Multiple layers of interconntected neurons (logistic regressions). Left side is input, right side is output. and signal goes from left to right. Hence is called a "feedforward" neural network.

\

Different neurons look for different features.

\

The same inputs can be fed to multiple different neurons, each calculating something different (more neurons per layer).

Neurons in one layer can act as inputs to another layer.

A line: $ax+b$

A neuron: $\sigma(w^Tx+b)$

If there's $M$ neurons, and we call each $z_j$:

$
z_j = \sigma(w^T_jx+b_j), \text{ for } j = 1\dots M \\
$

Vectorize the neurons (Single Layer):

$$
z = \sigma(W^Tx+b)
$$

- $z$ is a vector of size M
- $x$ is a vector of size D
- $W$ is a matrix of size D×M
- $b$ is a vector of size M

\

Vectorize the neurons (Multiple Layer):

We show layer as a superscript

$
z^{(1)} = \sigma(W^{(1)T}x+b^{(1)}) \\
z^{(2)} = \sigma(W^{(2)T}z^{(1)}+b^{(2)}) \\
z^{(3)} = \sigma(W^{(3)T}z^{(2)}+b^{(3)}) \\
$

$$
p(y=1 | x) = \sigma(W^{(L)T}z^{(L-1)}+b^{(L)}) \\
$$

- $L$ number of layers





If we don't need the final sigmoid (eg for prediction of non-binary values), we can just remove it

$$
\hat y = W^{(L)T}z^{(L-1)}+b^{(L)} \\
$$

(This just looks like a linear regression)

## Activation Functions


### Identity

Identity function is just a function that returns it's input.

$$
f(x) = x
$$

This is used for regression models

### Sigmoid

$$
\sigma(a) = \frac{1}{1+\exp(-a)}
$$

- Maps input to 0…1
- Non-linear

![sigmoid](https://miro.medium.com/v2/resize:fit:640/format:webp/1*Xu7B5y9gp0iL5ooBj7LtWw.png)



#### Standardization

We don't want to have one input in the range 1..5 million, and another in the range 0...0.0001, We prefer inputs centered around 0 and approx. the same range.

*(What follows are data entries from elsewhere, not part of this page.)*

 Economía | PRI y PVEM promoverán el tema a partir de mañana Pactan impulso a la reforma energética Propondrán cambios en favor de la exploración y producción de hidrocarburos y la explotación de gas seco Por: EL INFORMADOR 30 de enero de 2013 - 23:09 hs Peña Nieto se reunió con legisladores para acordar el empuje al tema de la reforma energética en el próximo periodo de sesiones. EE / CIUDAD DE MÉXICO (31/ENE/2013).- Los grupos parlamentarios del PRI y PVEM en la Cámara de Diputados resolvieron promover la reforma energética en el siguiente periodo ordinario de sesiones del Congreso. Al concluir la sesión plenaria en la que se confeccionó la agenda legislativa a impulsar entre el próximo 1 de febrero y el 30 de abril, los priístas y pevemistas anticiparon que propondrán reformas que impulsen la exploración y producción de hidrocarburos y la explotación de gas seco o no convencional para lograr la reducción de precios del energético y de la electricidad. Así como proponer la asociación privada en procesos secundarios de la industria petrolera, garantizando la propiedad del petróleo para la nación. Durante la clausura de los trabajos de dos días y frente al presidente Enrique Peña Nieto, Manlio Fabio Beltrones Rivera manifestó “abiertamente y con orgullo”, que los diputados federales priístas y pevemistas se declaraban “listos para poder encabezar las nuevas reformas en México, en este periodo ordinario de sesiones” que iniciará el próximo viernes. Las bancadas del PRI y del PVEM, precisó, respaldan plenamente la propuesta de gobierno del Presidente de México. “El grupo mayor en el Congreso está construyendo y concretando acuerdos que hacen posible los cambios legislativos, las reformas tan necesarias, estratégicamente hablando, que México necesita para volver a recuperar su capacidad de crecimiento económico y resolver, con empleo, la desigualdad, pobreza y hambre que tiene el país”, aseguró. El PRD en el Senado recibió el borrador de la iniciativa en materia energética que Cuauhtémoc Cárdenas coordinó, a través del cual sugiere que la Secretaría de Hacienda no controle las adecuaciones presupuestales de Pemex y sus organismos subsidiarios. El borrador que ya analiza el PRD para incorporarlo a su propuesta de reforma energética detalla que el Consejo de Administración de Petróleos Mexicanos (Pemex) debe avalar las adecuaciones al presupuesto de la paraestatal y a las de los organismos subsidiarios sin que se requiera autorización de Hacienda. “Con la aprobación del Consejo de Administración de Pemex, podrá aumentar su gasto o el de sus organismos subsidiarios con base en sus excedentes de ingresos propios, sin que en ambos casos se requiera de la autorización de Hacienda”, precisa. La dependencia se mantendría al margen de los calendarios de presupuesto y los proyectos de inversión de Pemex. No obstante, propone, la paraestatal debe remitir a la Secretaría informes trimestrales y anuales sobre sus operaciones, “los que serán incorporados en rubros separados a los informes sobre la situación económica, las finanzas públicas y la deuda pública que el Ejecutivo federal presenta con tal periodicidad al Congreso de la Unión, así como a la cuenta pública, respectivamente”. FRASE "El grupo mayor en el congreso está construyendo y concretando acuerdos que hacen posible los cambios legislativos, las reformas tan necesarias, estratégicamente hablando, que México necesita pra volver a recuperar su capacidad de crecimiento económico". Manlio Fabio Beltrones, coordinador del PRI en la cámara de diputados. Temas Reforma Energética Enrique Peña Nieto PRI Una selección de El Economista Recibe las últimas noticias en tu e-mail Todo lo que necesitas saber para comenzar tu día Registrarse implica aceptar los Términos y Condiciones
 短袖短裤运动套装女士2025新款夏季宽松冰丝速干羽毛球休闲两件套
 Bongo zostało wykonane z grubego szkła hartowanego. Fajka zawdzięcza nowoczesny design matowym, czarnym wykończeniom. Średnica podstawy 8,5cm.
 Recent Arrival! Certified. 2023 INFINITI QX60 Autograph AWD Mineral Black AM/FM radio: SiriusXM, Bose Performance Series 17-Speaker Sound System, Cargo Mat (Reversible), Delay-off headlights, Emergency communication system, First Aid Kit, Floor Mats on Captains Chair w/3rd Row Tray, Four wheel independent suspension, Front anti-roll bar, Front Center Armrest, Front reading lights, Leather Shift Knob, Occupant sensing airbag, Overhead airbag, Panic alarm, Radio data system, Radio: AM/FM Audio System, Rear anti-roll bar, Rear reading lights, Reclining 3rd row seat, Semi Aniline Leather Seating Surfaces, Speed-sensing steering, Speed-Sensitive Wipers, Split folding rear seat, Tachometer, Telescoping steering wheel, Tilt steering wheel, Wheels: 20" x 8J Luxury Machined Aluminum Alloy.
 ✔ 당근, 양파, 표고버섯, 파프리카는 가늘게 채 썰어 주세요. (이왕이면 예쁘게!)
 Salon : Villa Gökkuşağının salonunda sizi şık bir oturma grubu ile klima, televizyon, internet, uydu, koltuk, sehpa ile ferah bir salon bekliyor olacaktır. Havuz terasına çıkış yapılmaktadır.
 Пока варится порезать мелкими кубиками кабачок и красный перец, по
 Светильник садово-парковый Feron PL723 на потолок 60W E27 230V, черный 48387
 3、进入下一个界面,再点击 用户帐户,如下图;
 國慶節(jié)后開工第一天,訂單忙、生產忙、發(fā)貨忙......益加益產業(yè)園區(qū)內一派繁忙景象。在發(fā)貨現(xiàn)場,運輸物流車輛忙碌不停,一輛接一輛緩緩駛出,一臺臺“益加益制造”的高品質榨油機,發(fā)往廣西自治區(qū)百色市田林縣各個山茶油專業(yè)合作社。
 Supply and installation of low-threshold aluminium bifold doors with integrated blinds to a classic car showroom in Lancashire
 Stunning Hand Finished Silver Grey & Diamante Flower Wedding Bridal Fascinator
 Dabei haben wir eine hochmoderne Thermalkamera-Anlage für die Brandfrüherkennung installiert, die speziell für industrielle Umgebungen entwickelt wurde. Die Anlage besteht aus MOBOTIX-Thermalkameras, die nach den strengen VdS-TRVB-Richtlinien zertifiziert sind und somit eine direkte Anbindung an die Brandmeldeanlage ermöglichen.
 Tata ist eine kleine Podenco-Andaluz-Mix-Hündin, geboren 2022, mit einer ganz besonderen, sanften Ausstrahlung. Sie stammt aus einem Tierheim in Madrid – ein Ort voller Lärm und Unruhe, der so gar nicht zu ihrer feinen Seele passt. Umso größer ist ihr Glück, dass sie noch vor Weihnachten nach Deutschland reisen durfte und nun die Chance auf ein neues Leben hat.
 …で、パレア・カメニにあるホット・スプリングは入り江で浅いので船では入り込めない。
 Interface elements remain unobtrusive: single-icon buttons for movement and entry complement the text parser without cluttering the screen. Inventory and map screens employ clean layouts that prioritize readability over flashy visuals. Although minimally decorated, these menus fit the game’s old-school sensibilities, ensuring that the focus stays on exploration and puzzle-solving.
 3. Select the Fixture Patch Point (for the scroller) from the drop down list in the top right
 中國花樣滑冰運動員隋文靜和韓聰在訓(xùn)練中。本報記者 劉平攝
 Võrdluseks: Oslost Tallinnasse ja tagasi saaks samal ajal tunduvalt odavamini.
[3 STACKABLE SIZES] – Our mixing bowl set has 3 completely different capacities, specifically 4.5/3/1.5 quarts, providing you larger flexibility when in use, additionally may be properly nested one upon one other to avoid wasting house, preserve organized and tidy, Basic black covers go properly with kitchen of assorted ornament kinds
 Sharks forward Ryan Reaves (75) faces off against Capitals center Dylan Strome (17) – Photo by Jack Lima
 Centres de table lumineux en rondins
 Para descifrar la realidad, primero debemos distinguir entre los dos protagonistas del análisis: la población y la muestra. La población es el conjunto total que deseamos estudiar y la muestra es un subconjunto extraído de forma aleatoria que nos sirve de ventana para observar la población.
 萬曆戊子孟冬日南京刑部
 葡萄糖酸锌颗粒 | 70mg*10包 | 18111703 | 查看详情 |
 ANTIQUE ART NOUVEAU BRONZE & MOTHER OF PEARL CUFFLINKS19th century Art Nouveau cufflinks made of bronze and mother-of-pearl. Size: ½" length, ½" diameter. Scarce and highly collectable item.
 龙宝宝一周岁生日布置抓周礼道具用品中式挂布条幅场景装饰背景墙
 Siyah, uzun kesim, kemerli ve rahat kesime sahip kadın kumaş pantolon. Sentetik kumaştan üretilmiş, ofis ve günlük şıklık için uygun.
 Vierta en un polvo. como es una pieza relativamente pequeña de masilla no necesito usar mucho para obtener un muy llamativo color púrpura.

The sigmoid output goes between 0 and 1, center is 0.5. Its output therefore can never be centered around 0.

The concept of "uniformity", the output of the sigmoid (previous layer) is the input to the next layer.



### Tanh

The solution to this issue, is another activation function similar to sigmoid, but centered around zero, which is **Hyperbolic Tangent (tanh)**.

$$
\tanh(a) = \frac{\exp(2a)-1}{\exp(2a)+1} \\
$$

![tanh](https://images.squarespace-cdn.com/content/v1/5acbdd3a25bf024c12f4c8b4/1524687495762-MQLVJGP4I57NT34XXTF4/TanhFunction.jpg?format=1500w)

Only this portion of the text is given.